Induced pluripotent stem cells, a more recent advancement, bypass the ethical considerations arising from ESCs as they can be derived from almost any cell. iPSCs were initially generated from human fibroblasts, genetically reconfigured to a state of embryonic cell pluripotency. Another advantage is their potential for supplanting damaged tissue in the donor, phasing out any risk of tissue rejection as is likely with embryonic stem cells (Singh et al, 2015).

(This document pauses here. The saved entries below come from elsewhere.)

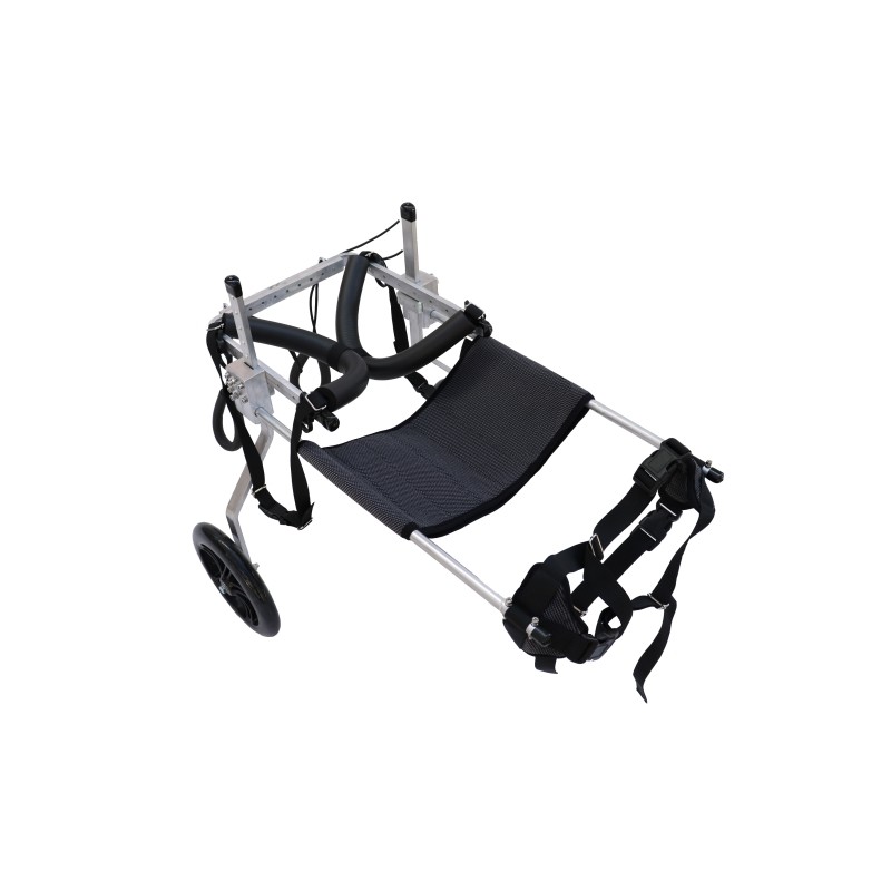 Paralyzed dog defecation assisted with hind limb and mental disorder in large dog wheelchair car with old pet bracket hind hip joints
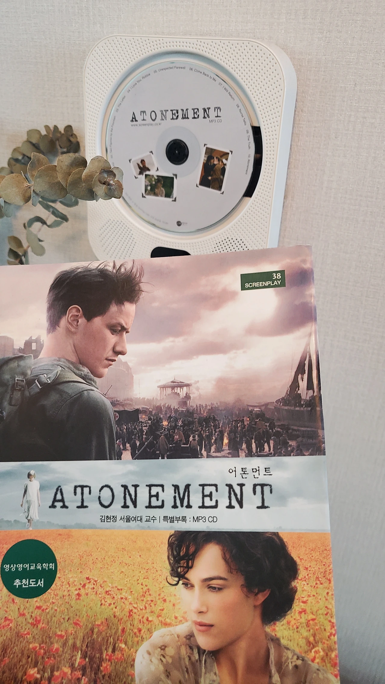 스크린영화사에서 출판한 어톤먼트 대본집(번역포함) 입니다. 영화 Mp3 CD가 부록으로 제공되는데 타이핑한 글씨체로 ATONEMENT라고 써 있는게 아주 예쁩니다.
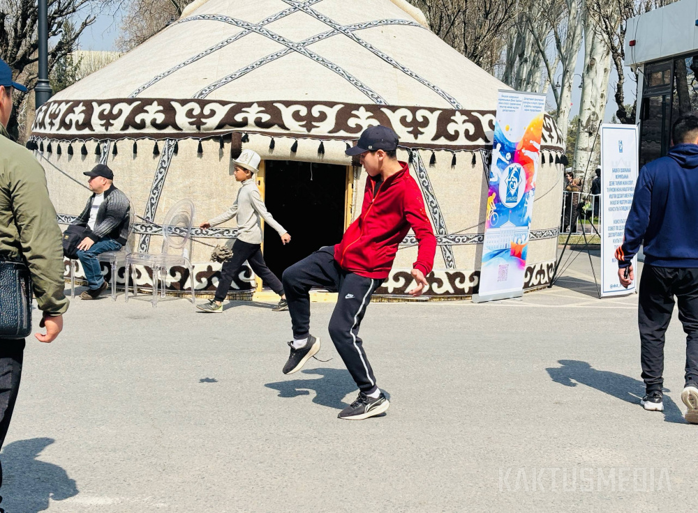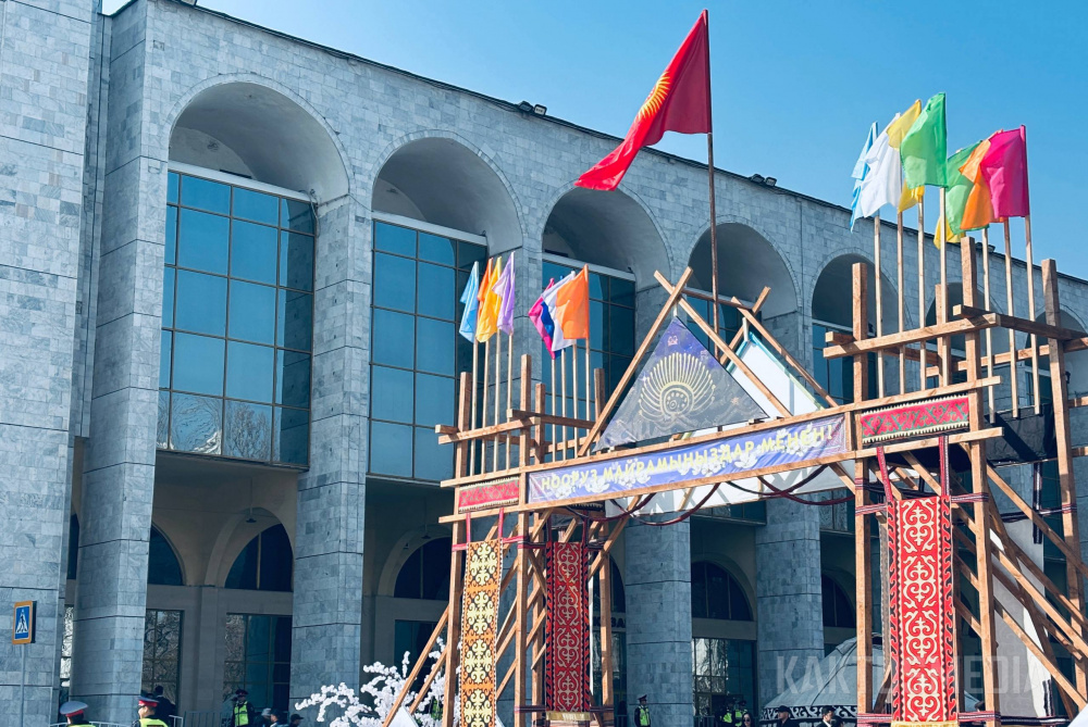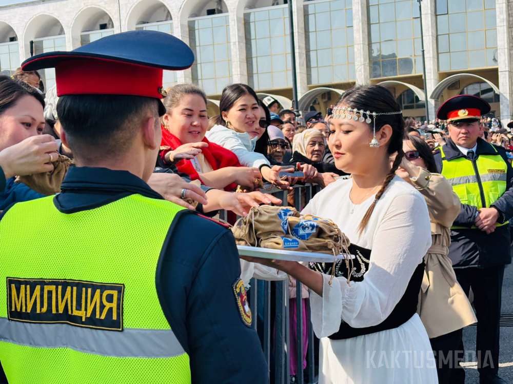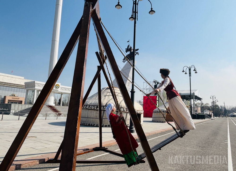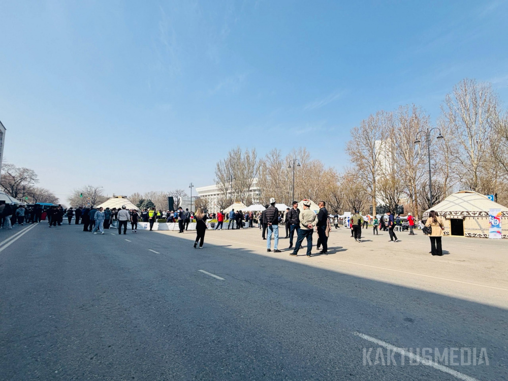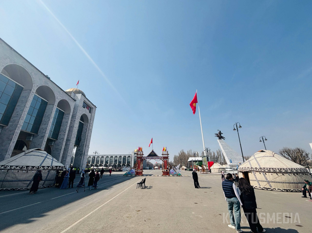 Праздничная программа на площади Ала-Тоо стартовала в 11:00 с обряда "алас" и выступлений танцевальных коллективов. Затем с поздравительными речами выступили мэр Бишкека Айбек Джунушалиев и глава кабинета министров Адылбек Касымалиев, отметившие особую значимость праздника для истории Кыргызстана.

Innovations in cell culture have enabled cells to be studied independent of the organism of extraction and continually improves disease diagnoses efficiency as well understanding of cellular biology, disease mechanisms and regenerative medicine.

 

Winston, L. G., Roemer, M., Goodman, C., & Haller, B. (2007). False-Positive Culture Results from Patient Tissue Specimens Due to Contamination of RPMI Medium with Cryptococcus albidus. Journal of Clinical Microbiology.

 

Antoni, D., Burckel, H., Josset, E. & Noel, G. (2015). Three-Dimensional Cell Culture: A Breakthrough in Vivo

 

Taylor, M.W., (2014) A History of Cell Culture.

 

Carrel, A., & Burrows, M. T. (1911). Cultivation of tissues in vitro and its technique. The Journal of experimental medicine, 13(3), 387

Gstraunthaler, G. ALTEX. (2003) Alternatives to the use of fetal bovine serum: serum-free cell culture, 20(4):275-81.

Singh, V. K., Kumar, N., Kalsan, M., Saini, A., Chandra, R. (2015) Mechanism of Induction: Induced Pluripotent Stem Cells (iPSCs). Journal of Stem Cells ISSN: 1556-8539 Volume 10, Number 1.